What is LLM evaluation
How it works
LLM evaluation works by comparing a model's generated outputs against reference answers or expected behaviors using metrics like perplexity, BLEU, or human ratings. Think of it like grading a student's essay: you check for correctness, clarity, and relevance. Automated metrics provide quick scores, while human evaluation captures nuance and safety concerns. This combined approach ensures the model performs well across tasks and avoids harmful outputs.
Concrete example
Here is a simple Python example using the OpenAI SDK to evaluate a model's response quality by comparing it to a reference answer using a similarity score (cosine similarity) with embeddings:
import os
from openai import OpenAI
from sklearn.metrics.pairwise import cosine_similarity
client = OpenAI(api_key=os.environ["OPENAI_API_KEY"])
# Reference answer and model output
reference = "The capital of France is Paris."
model_output = "Paris is the capital city of France."
# Get embeddings for both texts
ref_embedding = client.embeddings.create(input=reference, model="text-embedding-3-large").data[0].embedding
output_embedding = client.embeddings.create(input=model_output, model="text-embedding-3-large").data[0].embedding
# Calculate cosine similarity
similarity = cosine_similarity([ref_embedding], [output_embedding])[0][0]
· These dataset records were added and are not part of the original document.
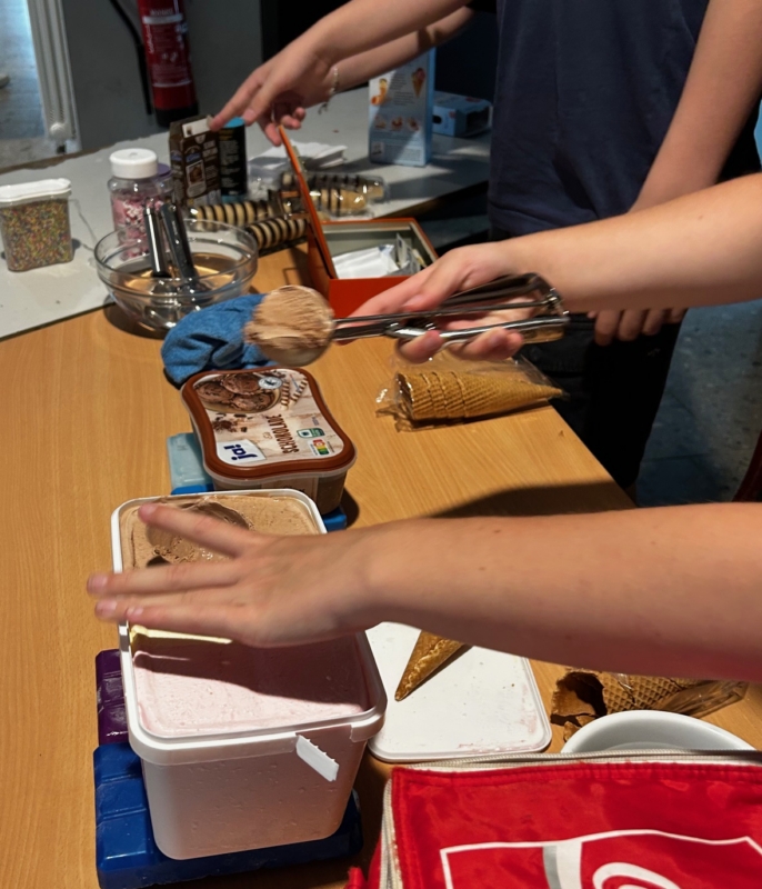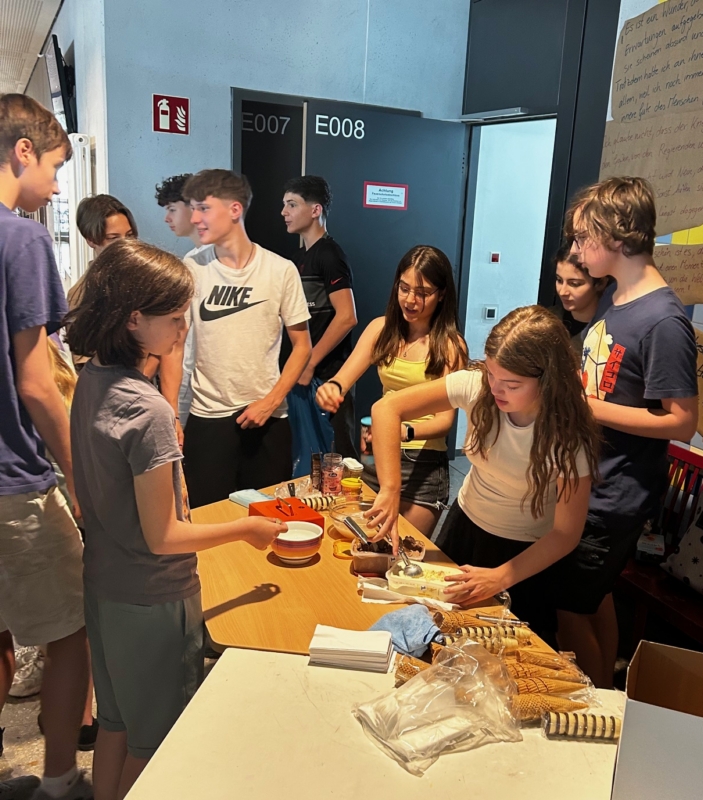 Am Dienstag, den 1. Juli 2025, gab es dann in der ersten und zweiten großen Pause in sengender Hitze, zwischen den Kurzstunden Eis für alle. Ob Schoko, Vanille, Erdbeere oder Stracciatella – in der ersten Runde war alles ausverkauft, sodass weitere Eiscreme organisiert werden musste. Also konnte der Verkauf in der zweiten großen Pause zur Freude aller fortgesetzt werden. Vor der roten Bank im Neubau und dem neugestalteten Turnhallendach, bildeten sich lange Schlangen, die auf Eiscreme (auf Wunsch mit Streusel!) geduldig warteten.
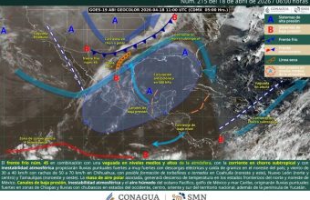 Este sábado 18 de abril de 2026, el frente frío 45 se extenderá sobre el norte...
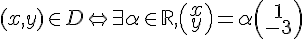 Dans le plan vectoriel (coordonnées x et y), considère la droite vectorielle D d'équation 3x+y=0.
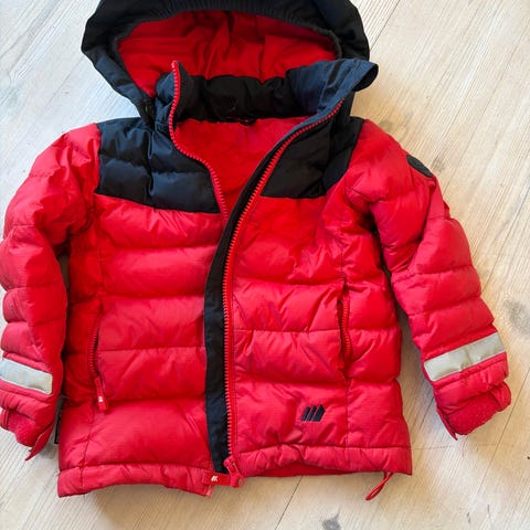 Fuskepels rundt hetta og fleece på innsiden av hetta. 100% dun. Medium tykk, men er passe lett i vekta. Kan passe fra ca 1.5 år og opp til ca 2.5 år.
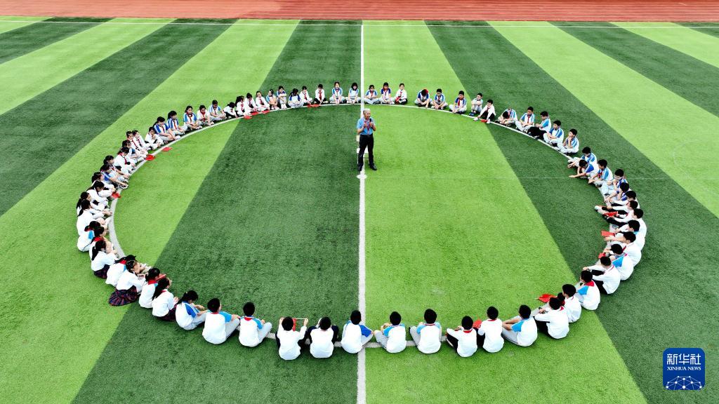 9月27日,在浙江省湖州市德清縣上柏小學,老黨員為學生們講紅色故事(無人機照片)。
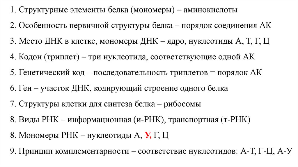 9. Принцип комплементарности – соответствие нуклеотидов: А-Т, Г-Ц, А-У
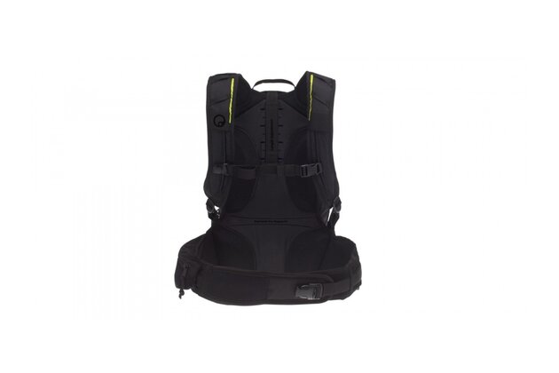 Flexibilní hliníkový profil v zádovém panelu rozkládá zátěž a kopíruje anatomii zad. Batoh tak sedí pevně, nehoupe se a nezatěžuje bederní oblast ani při agresivní jízdě.

print(f"Similarity score: {similarity:.4f}") Similarity score: 0.9876
When to use it
Use LLM evaluation when you need to verify that a language model meets quality standards for tasks like summarization, translation, or question answering. It is essential before deploying models in production to ensure accuracy, fairness, and safety. Avoid relying solely on automated metrics; combine with human review for sensitive or high-stakes applications.
Key terms
| Term | Definition |
|---|---|
| Perplexity | A metric measuring how well a model predicts a sample; lower is better. |
| BLEU | A score evaluating the overlap between generated and reference text, used in translation. |
| Human evaluation | Qualitative assessment by people to judge output quality and safety. |
| Cosine similarity | A measure of similarity between two vectors, often used with embeddings. |
| Benchmark | A standardized test dataset or task used to compare model performance. |
Key Takeaways
- LLM evaluation combines automated metrics and human judgment to measure model quality.
- Use embeddings and similarity scores for quantitative comparison of outputs.
- Human review is critical for assessing safety and nuanced language understanding.